I'm interested in becoming an ethical hacker someday. I've been reading articles saying the Python language is very popular in hacking activity because of the extent of its modules (including network).
Nowadays, lots of applications are web applications or mobile ones and the antivirus software make a great job removing malware written in C. Because of that I'm a bit confused. Is the knowledge of the C language important for the ethical hacker career?
Of course, you don't necessarily have to know C, or the given platform's Assembly (read: instruction set), but knowing them is a great help in figuring out many possible low-level vulnerabilities.
It is not the C language itself that matters, but rather the fact that in order to know C, one must first understand many fundamental computer principles, which is what allows you to then (ab)use them in any other language. You could learn about all of them in theory, but without ever practically experiencing them (which is what you achieve by programming in C), you may not be able to use them very efficiently or even realize where they're best applicable.
Similarly, you don't have to know the exact packet structure of networking protocols. However, if you do, you may suddenly be able to figure out ways to break something, which wouldn't ever occur to those who make, often incorrect, assumptions about how these protocols function solely based on their high-level experience.
It depends what you want to do.
If you want to build tools that can be used to automate tasks that are often performed for ethical hacking (such as penetration testing, port scanning, SSL/TLS testing etc.), then Python can be used for this.
If you want to analyze code to look for bugs in packages that are widely deployed such as the Linux kernel, openssl, apache, etc. - many of these packages are written in C, so a solid understanding of C would be helpful for this.
In ethical hacking (and hacking in general), the more you know about software and hardware in general, the better off you are - keep in mind there's a lot of different solutions written in lots of different languages, running on lots of different hardware.
As most operating systems are written in C, it can definitiely be advantageous to at least be able to understand C code. Most OS modules are written in C and/or Assembly. From this, you can gather valuable intel on any bugs or exploits that may be present in the target OS's various modules.
Regardless of whether you hunt bugs or try to penetrate a system, at least some understanding of C can help you a lot.
In the same vein, knowing at least the more popular languages (Python, Java, C#) can be of immense help as well - lots of systems (including corporate solutions) are written in those languages.
Python does have its own advantages in the hacker toolbox - it gives you the ability to write exploits and programs rather quickly, and has a lot of libraries that can be used to roll your own EH/pentester toolset.
Information security consists many fields and career pathes. Answering your question depends on your goal and target. If you are interested in fields like reverse engineering, malware analysis, software vulnerability analysis and such fields knowing C is essential. But in fields like penetration testing, vulnerability scanning, network security and such fields Python is a good choice. On the other hand, consider that C is a main programming language, knowing C will help you to understand many details of software and system. Also Python is a handy popular language which will help you by providing useful libraries in security.

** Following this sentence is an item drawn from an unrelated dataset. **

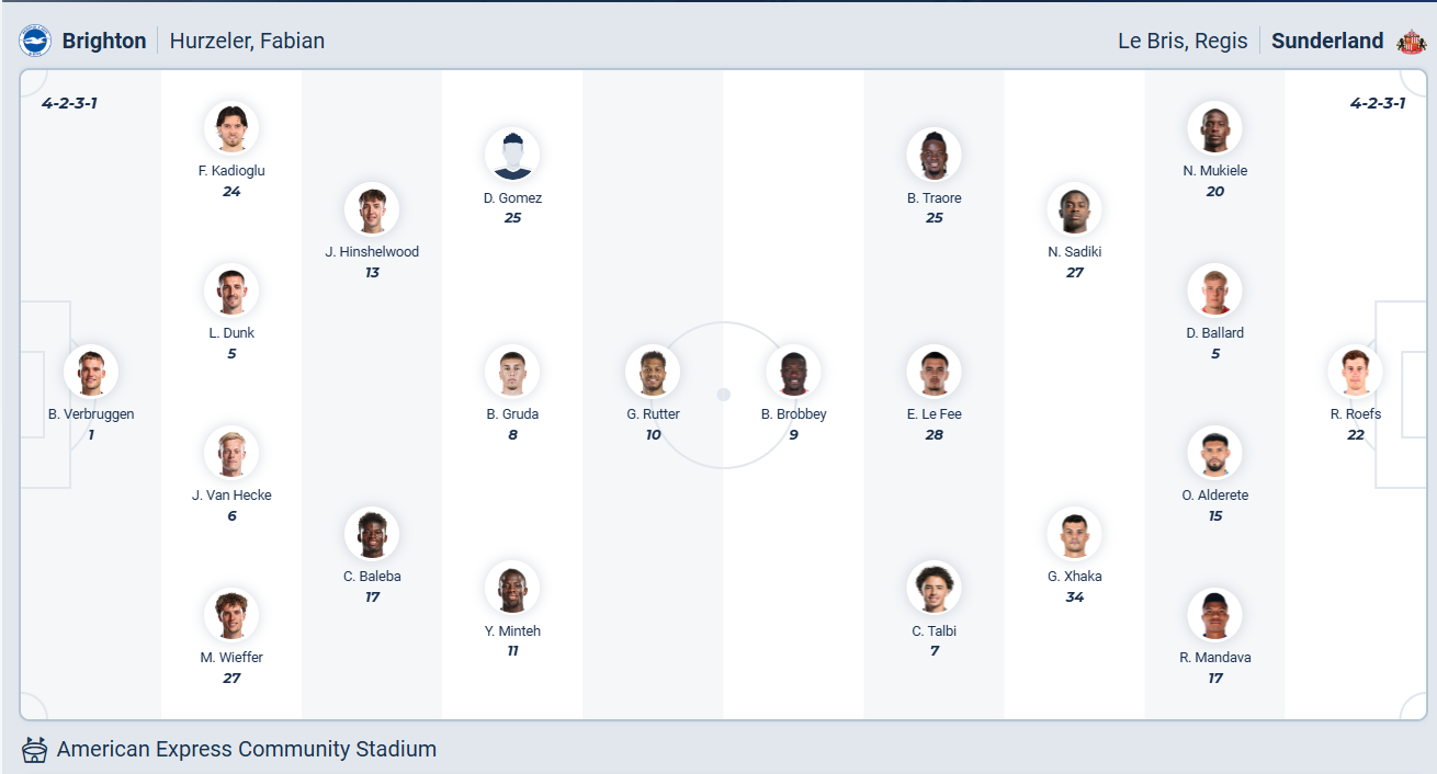 Nhận định soi kèo Brighton vs Sunderland lúc 20h00 ngày 20/12/2025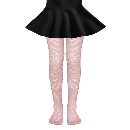 Amexo 2 Pieces Sparkle Rhinestone Fishnet Tights for Girls Ballet and Dance Kids Pantyhose

Python can be the toolset.
It is a high-level language that you can use to write proof-of-concepts, analyze datasets, etc, etc... Writing the same things in some lower-level language makes these things boresome, error-prone and less understandable for others.
C is the knowledge.
Only being literate in C, you can understand how data structures and algorithms are represented at the low level where the interesting stuff happens. Things like buffer overruns, stack corruptions and likes, cannot be understood (and even less, discovered and analyzed) without knowledge of C.
There are pros and cons to all languages, but it sounds like C fits your goals.
An interesting definition of "hacker" is someone who sees and understands the reality behind the abstractions. A butterknife is a very functional screwdriver. A locked door is a mechanical device with numerous components - for example it can be opened by taking the pins out of the hinges. Everything on a computer is just a series of numbers subject to precisely defined behavior. It doesn't matter how people assume or expect software to work, what matters is how it actually does work. If you understand it, you can often do unexpected things.
Assembly language gives the clearest picture and the most direct control over how a computer works, and at some point you might want to get a basic understanding of assembly just to understand computers better. However assembly is generally far too low level and too painful to program anything significant. Seriously. With rare exceptions, I do not recommend assembly as active productive language for programming. Definitely not a first language in any case.
The C language is a widely used and productive language, and aside from Assembly, it gives the closest view of the reality of how the computer works. C gives you the closest control over how the computer works. C is (or can be) a very fast language, a powerful language, but that comes at a cost. C is less friendly, and C makes it easy to make mistakes. Python "protects" you from shooting yourself in the foot in various ways, whereas C just obeys any strange or dangerous code you write. Python has some really neat features, but it hides what's happening under the hood. That's great if you don't want to know.